_Input data_:
- Opening Delimiter -

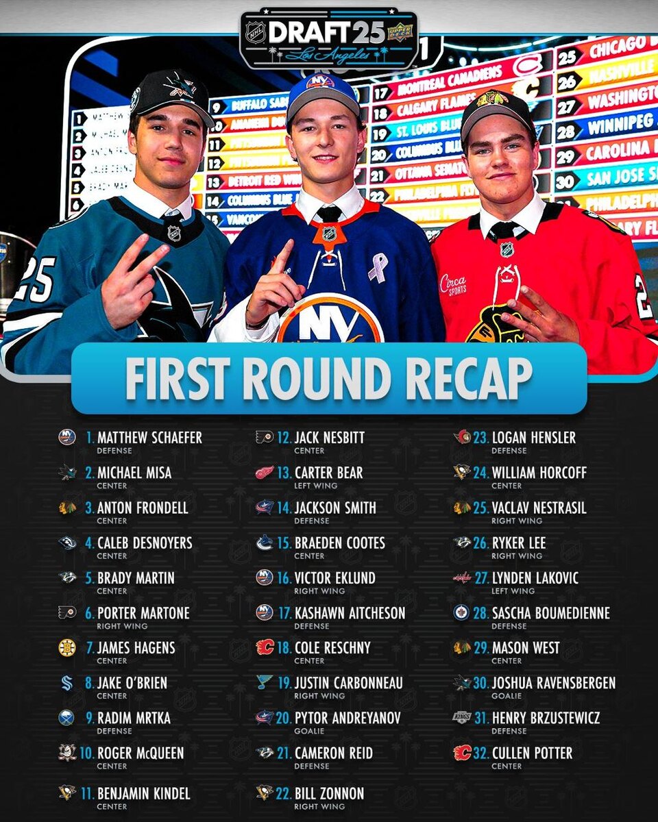 1️⃣Защитник Мэттью Шефер стал первым номером драфта и отправился в «Нью-Йорк Айлендерс».
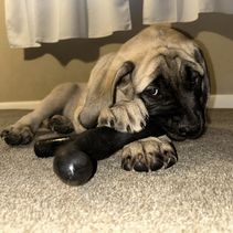 Never met a happier dog in all my decades - Not only is he a naturally joyful English Mastiff, he's even keeled, attentive, well-socialized from the get go, and a loyal canine extension. Much thanks and kudos to Brent and Shari for all their amazing work!
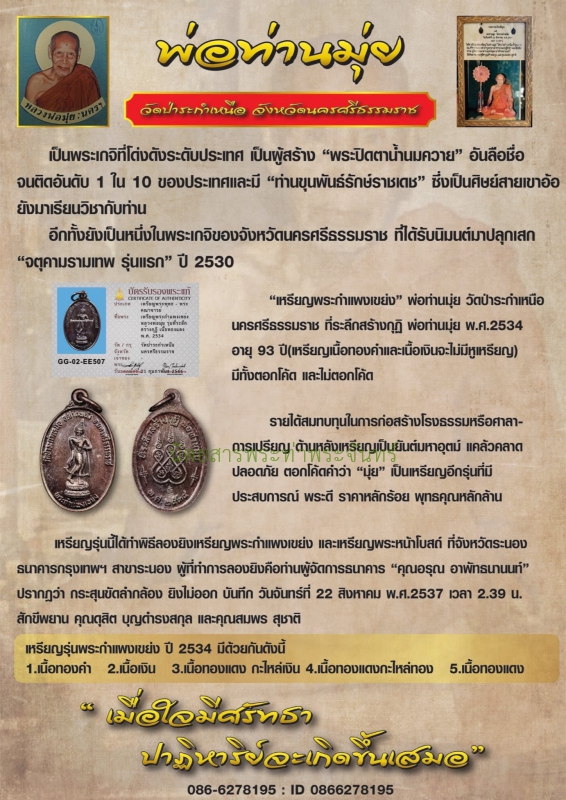 | ชื่อพระ | เหรียญกำแพงเขย่งพ่อท่านมุ่ย |

- Closing Delimiter -

_Work to be completed_: A word-for-word copy of all the data, without pictures, is the expected output.

_Exercise solution_:
 1️⃣Защитник Мэттью Шефер стал первым номером драфта и отправился в «Нью-Йорк Айлендерс».
 Never met a happier dog in all my decades - Not only is he a naturally joyful English Mastiff, he's even keeled, attentive, well-socialized from the get go, and a loyal canine extension. Much thanks and kudos to Brent and Shari for all their amazing work!
 | ชื่อพระ | เหรียญกำแพงเขย่งพ่อท่านมุ่ย |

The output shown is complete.